Senyum mengembang kala Mas Alvan memperlakukan diriku bak permaisuri. Hingga tak sengaja aku melihat pantulan diri di dalam cermin.

Senyum yang sempat mengembang sirna sudah.

Aku dan Mas Alvan bak angka sepuluh. Mas Alvan angka satu sedang diriku angka nol. Sungguh bukan pasangan yang serasi.

Teringat kembali penolakan Mas Alvan saat aku ingin ikut ke luar kota. Apa karena badanku yang gembul hingga membuat Mas Alvan malu mengajakku.

Bulir bening nanti asin jatuh membasahi pipi. Aku merasa tak pantas bersanding dengan Mas Alvan. Aku sudah tak secantik dulu. Badanku sudah melar seperti ibu anak dia. Padahal kenyataannya aku belum dikaruniai seorang anak.

"Kenapa kamu menangis, Al?" Mas Alvan membalikkan tubuhku. Kedua tangannya dengan sigap menghapus air mata yang menempel di pipi.

"Aku malu Mas, badanku melar begini. Rasanya tak pantas jalan berdua dengan kamu."

"Siapa yang bilang? Kamu itu cantik. Ini namanya tidak gendut tapi seksi sayang. Mas, lebih suka kamu seperti ini. Kalau kamu kurus orang-orang mengira kamu tidak bahagia hidup bersama Mas." Kupeluk erat tubuhnya.

Terima kasih Tuhan, Engkau kirimkan suami berhati malaikat seperti Mas Alvan. Aku sangat bahagia memilikinya.

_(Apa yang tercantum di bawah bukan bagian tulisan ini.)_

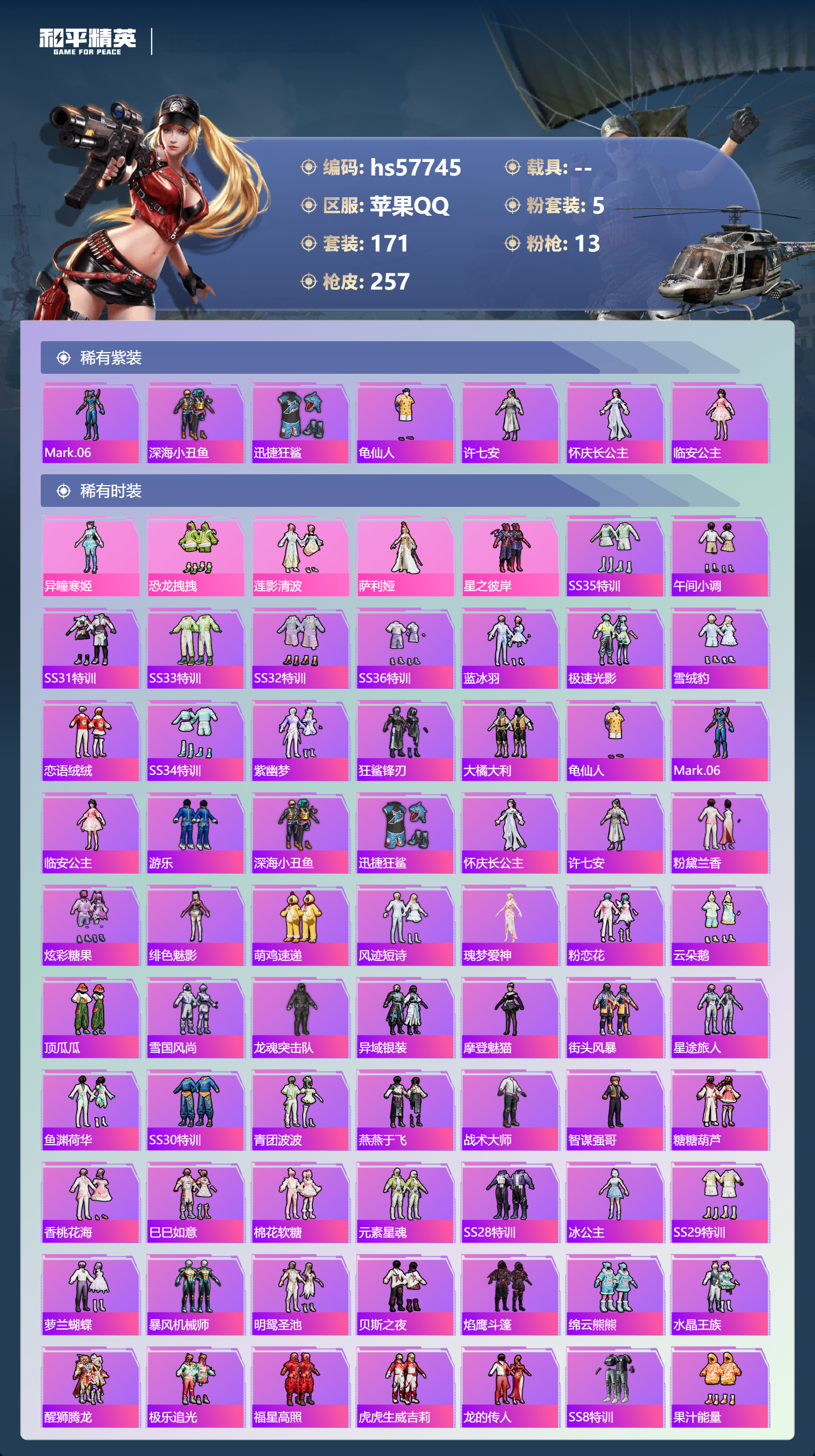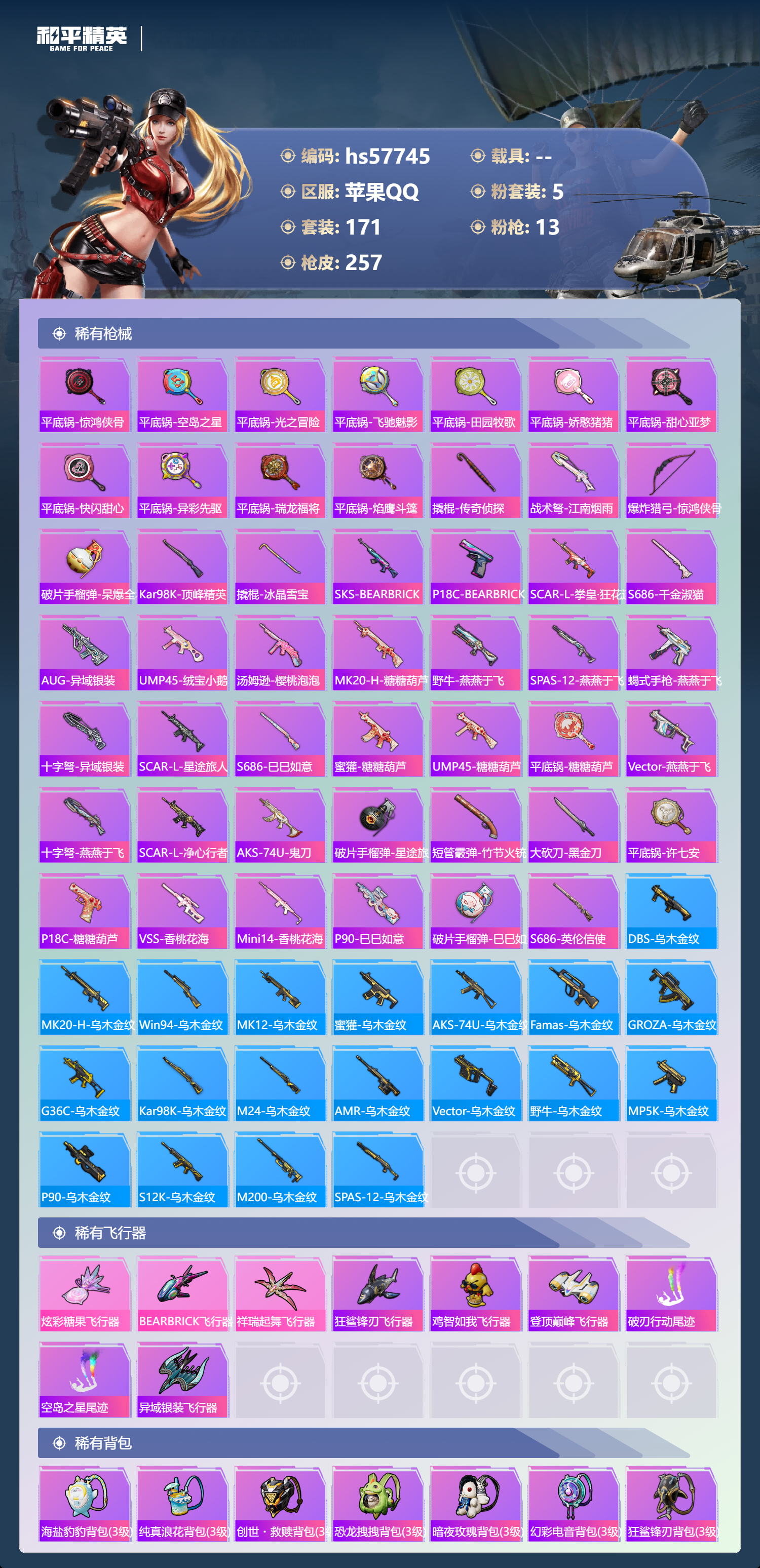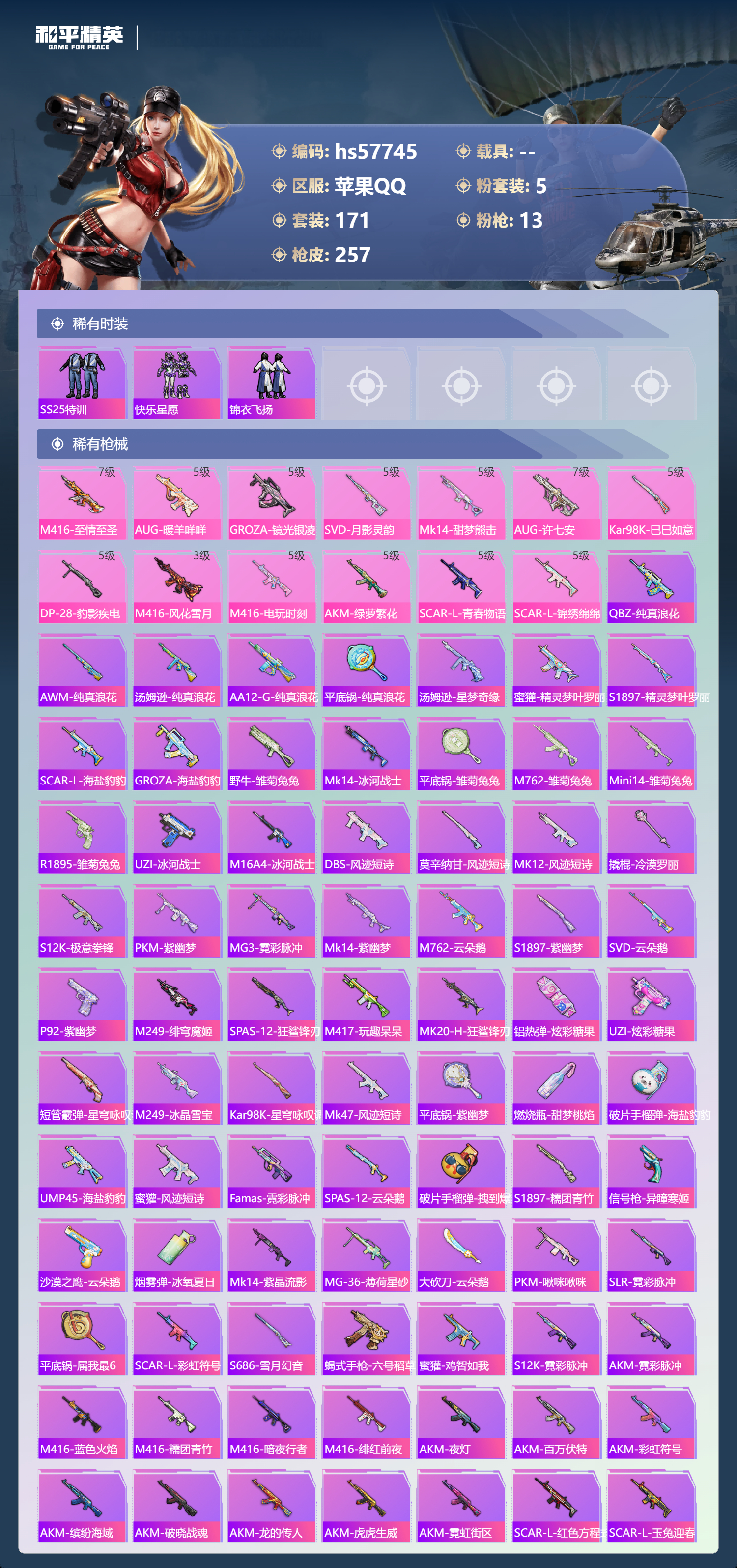 0载具-171套装-257呛皮-hs57745 苹果手q-17王牌印记-5粉装-13特效呛-79952热力值-171套装-257呛皮-4卓越印记【5粉装】套装-恐龙拽拽套装-莲影清波套装-星之彼岸角色-萨利娅角色-异瞳寒姬【13特效呛】m416-电玩时刻/5级m416-至情至圣/7级m416-风花雪月/3级dp-28-豹影疾电/5级akm-绿萝繁花/5级mk14-甜梦熊击/5级kar98k-巳巳如意/5级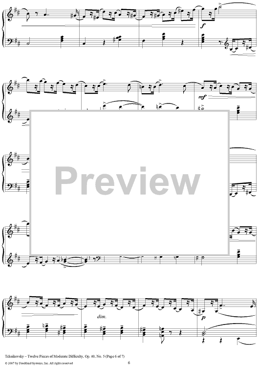Digital Sheet Music for Twelve Pieces of Moderate Difficulty. No. 5. Mazurka by Peter Ilyich Tchaikovsky scored for Piano Solo; id:365086

"Mas mandi dulu ya, nanti ketinggalan pesawat lagi." Ku lepas tanganku yang menempel di tubuhnya walau rasanya enggan.

***

Kuletakkan roti dan selain di atas meja. Tak lupa secangkir kopi untuk Mas Alvan. Ini adalah menu sarapan suamiku. Roti dengan selai kacang atau nanas. Mas Alvan lebih menyukai sarapan roti dibanding nasi. Berbeda denganku yang suka sarapan nasi. Rasanya kurang afdol jika sarapan tanpa nasi.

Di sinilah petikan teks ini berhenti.